WORK REQUIRED:
Wherever a picture appears in the listing below, leave it out and reproduce the rest exactly.

DATASET EXCERPT: Begin

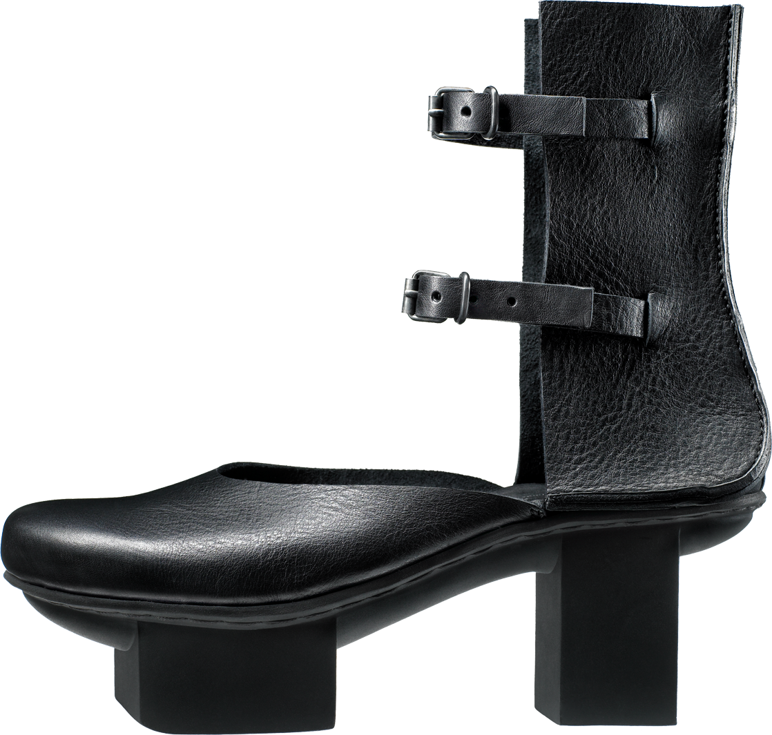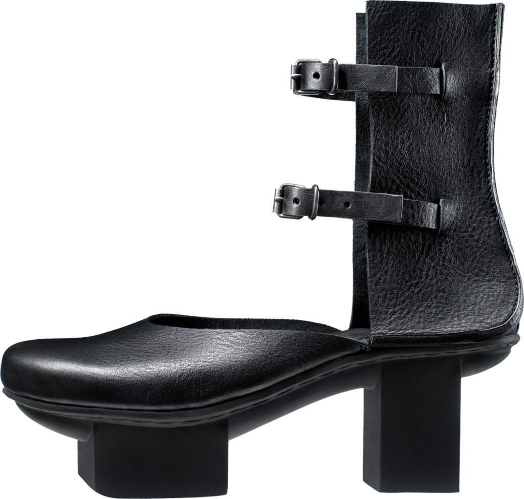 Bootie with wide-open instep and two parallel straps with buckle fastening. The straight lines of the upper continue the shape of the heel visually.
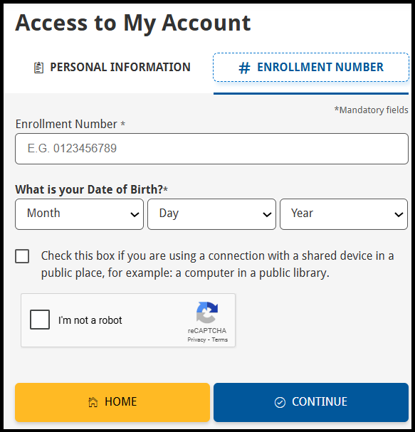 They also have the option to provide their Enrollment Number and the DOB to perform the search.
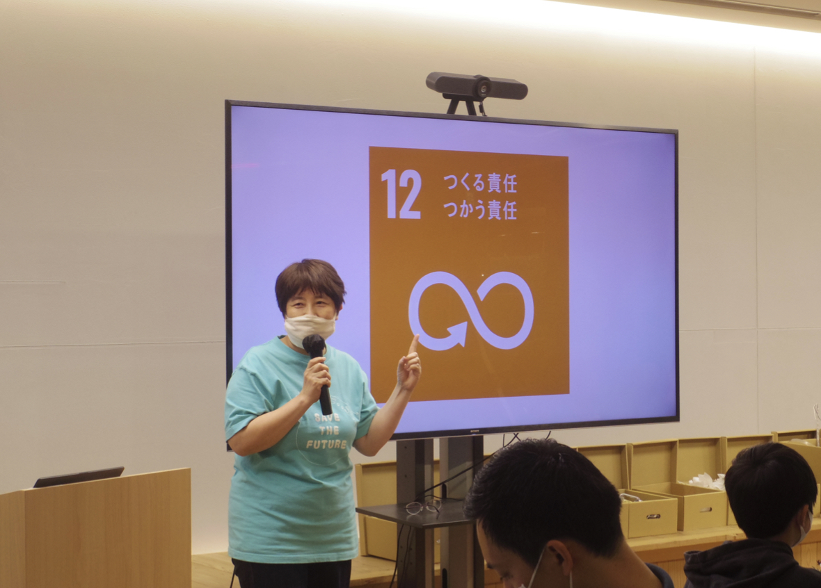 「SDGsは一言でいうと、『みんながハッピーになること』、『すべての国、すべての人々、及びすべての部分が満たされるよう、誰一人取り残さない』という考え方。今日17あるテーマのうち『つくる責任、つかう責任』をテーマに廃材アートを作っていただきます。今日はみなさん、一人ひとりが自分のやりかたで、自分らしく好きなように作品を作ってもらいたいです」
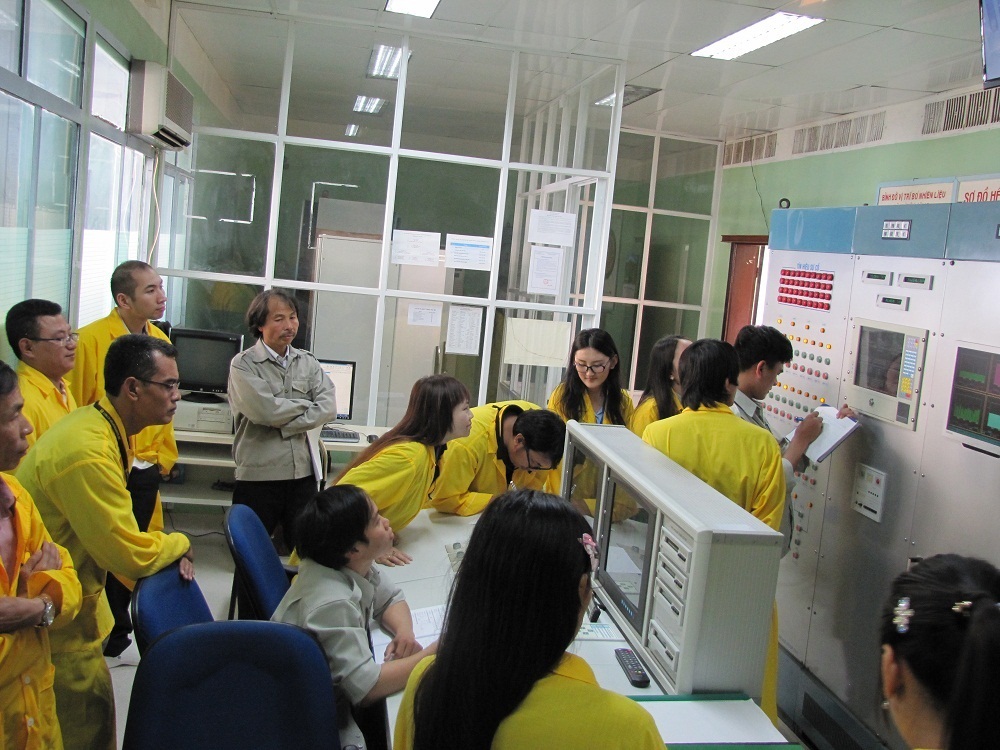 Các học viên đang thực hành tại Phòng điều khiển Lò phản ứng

DATASET EXCERPT: End

TASK RESPONSE:
 Bootie with wide-open instep and two parallel straps with buckle fastening. The straight lines of the upper continue the shape of the heel visually.
 They also have the option to provide their Enrollment Number and the DOB to perform the search.
 「SDGsは一言でいうと、『みんながハッピーになること』、『すべての国、すべての人々、及びすべての部分が満たされるよう、誰一人取り残さない』という考え方。今日17あるテーマのうち『つくる責任、つかう責任』をテーマに廃材アートを作っていただきます。今日はみなさん、一人ひとりが自分のやりかたで、自分らしく好きなように作品を作ってもらいたいです」
 Các học viên đang thực hành tại Phòng điều khiển Lò phản ứng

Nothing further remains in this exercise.